Assignment: When you reach the line with "This Audrey burgundy" in the records below, begin transcribing exactly and continue up to and including the line with "În dreptul scărilor", leaving out every picture.

Exercise data:
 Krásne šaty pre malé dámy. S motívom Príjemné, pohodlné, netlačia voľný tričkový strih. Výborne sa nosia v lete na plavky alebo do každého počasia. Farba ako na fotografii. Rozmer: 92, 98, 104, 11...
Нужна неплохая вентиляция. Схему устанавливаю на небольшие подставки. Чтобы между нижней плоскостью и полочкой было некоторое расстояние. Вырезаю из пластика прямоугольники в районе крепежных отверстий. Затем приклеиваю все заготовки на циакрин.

--

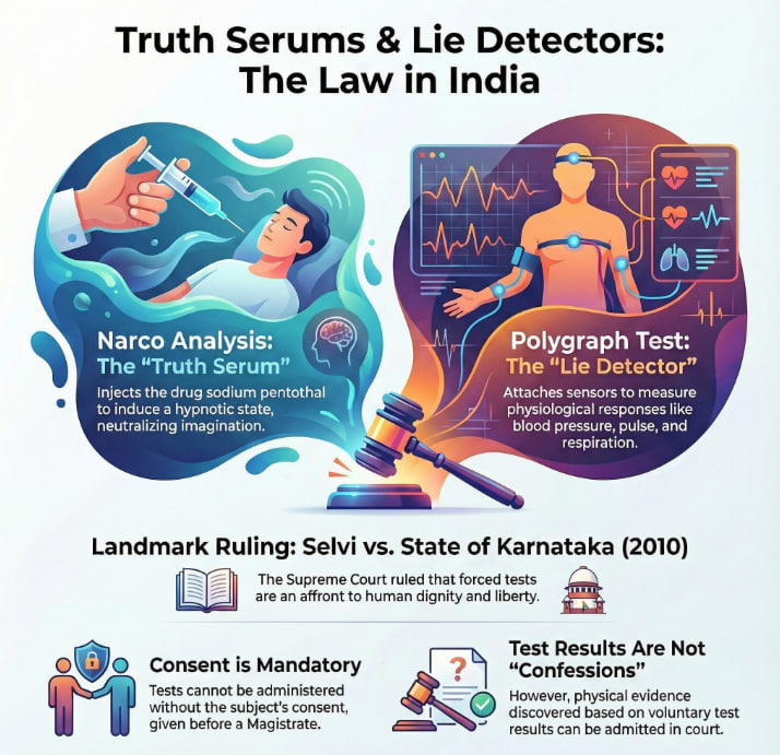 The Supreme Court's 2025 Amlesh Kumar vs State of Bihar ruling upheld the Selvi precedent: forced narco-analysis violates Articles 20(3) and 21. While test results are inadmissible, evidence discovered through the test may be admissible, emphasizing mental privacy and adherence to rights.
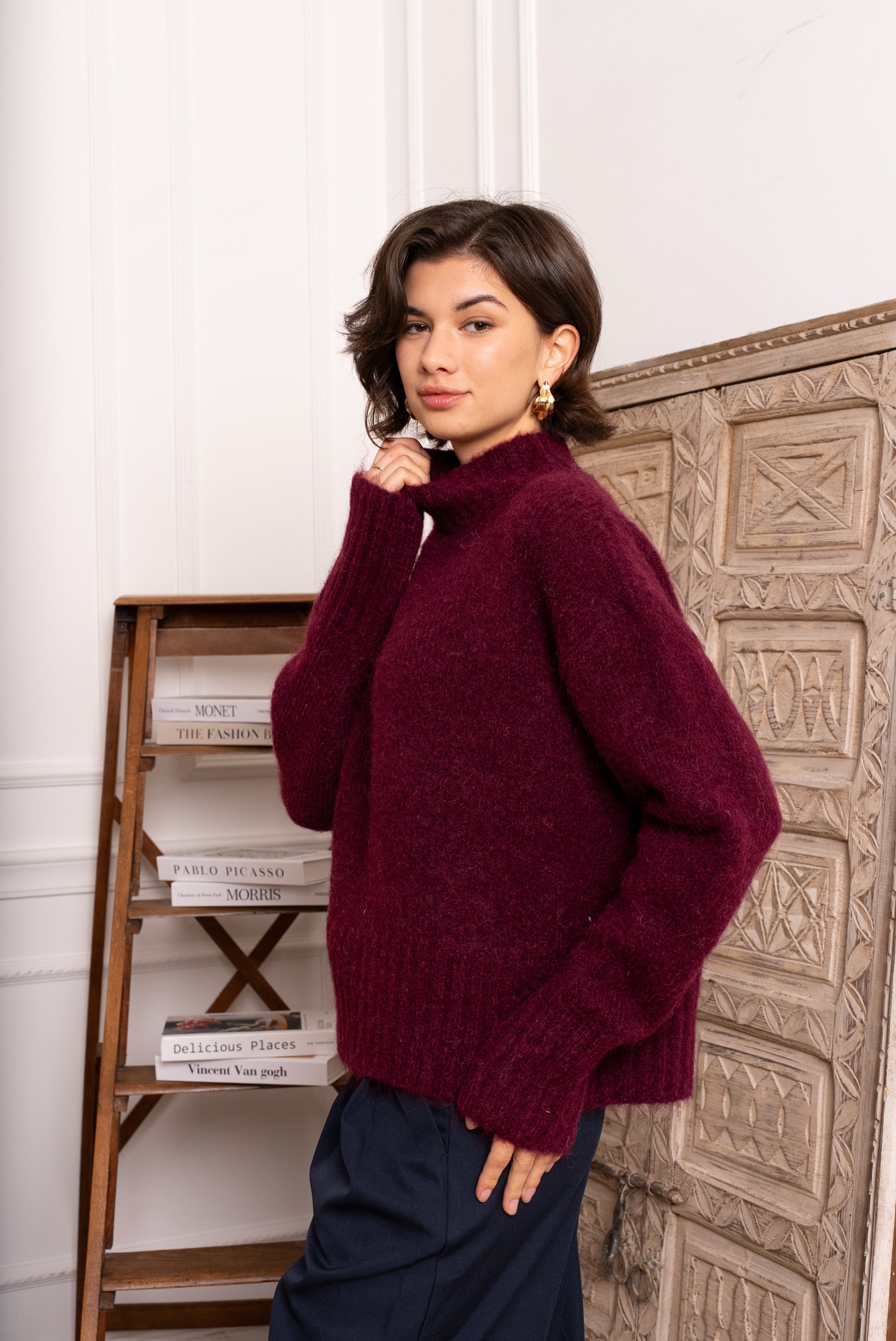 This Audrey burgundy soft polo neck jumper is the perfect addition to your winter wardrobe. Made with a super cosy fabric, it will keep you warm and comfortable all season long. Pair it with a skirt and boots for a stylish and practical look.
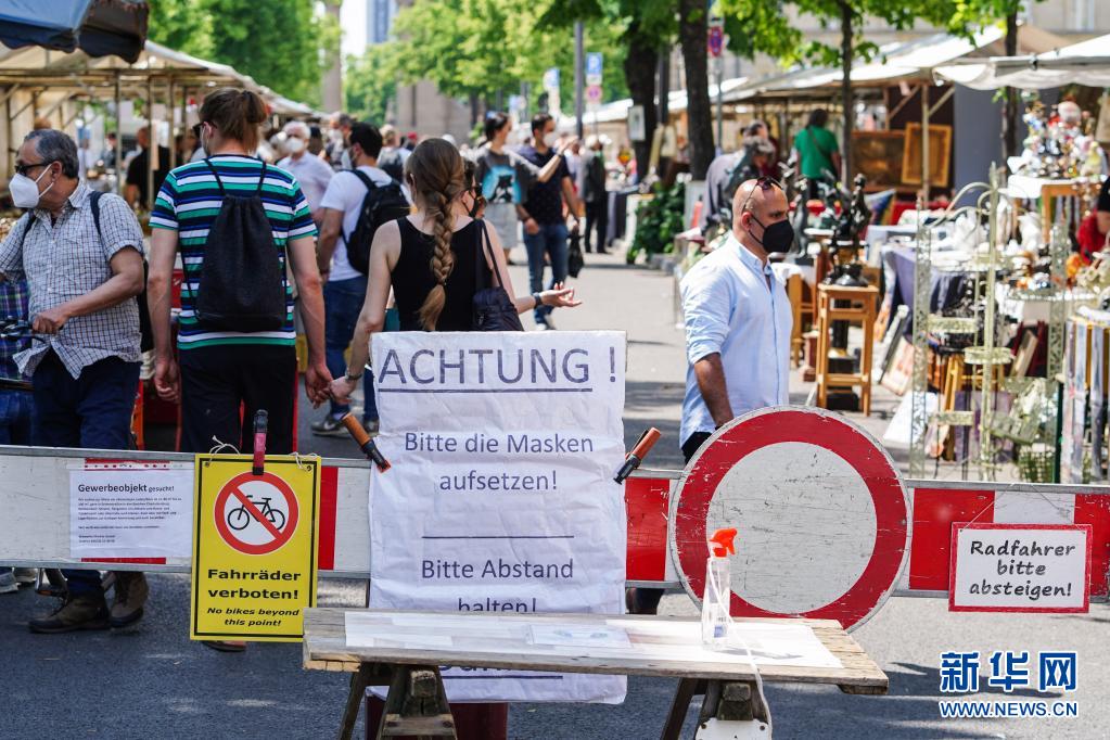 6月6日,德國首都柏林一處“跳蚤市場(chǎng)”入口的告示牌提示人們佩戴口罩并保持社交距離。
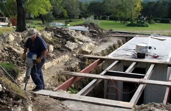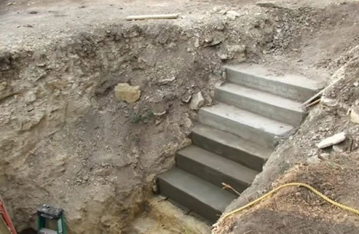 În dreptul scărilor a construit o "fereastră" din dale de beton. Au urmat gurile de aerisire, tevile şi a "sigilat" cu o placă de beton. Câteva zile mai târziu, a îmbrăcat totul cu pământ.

* * *

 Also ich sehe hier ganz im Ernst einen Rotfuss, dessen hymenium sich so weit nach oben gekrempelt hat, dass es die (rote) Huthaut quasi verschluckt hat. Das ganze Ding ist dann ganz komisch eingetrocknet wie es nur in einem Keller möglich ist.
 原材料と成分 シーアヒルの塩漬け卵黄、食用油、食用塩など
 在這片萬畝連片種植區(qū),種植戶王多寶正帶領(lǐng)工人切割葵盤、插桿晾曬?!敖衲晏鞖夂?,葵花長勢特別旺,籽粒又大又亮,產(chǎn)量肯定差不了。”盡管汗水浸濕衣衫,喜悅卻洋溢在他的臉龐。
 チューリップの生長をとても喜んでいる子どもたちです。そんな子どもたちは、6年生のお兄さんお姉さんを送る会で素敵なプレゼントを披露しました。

Exercise solution:
 This Audrey burgundy soft polo neck jumper is the perfect addition to your winter wardrobe. Made with a super cosy fabric, it will keep you warm and comfortable all season long. Pair it with a skirt and boots for a stylish and practical look.
 6月6日,德國首都柏林一處“跳蚤市場(chǎng)”入口的告示牌提示人們佩戴口罩并保持社交距離。
 În dreptul scărilor a construit o "fereastră" din dale de beton. Au urmat gurile de aerisire, tevile şi a "sigilat" cu o placă de beton. Câteva zile mai târziu, a îmbrăcat totul cu pământ.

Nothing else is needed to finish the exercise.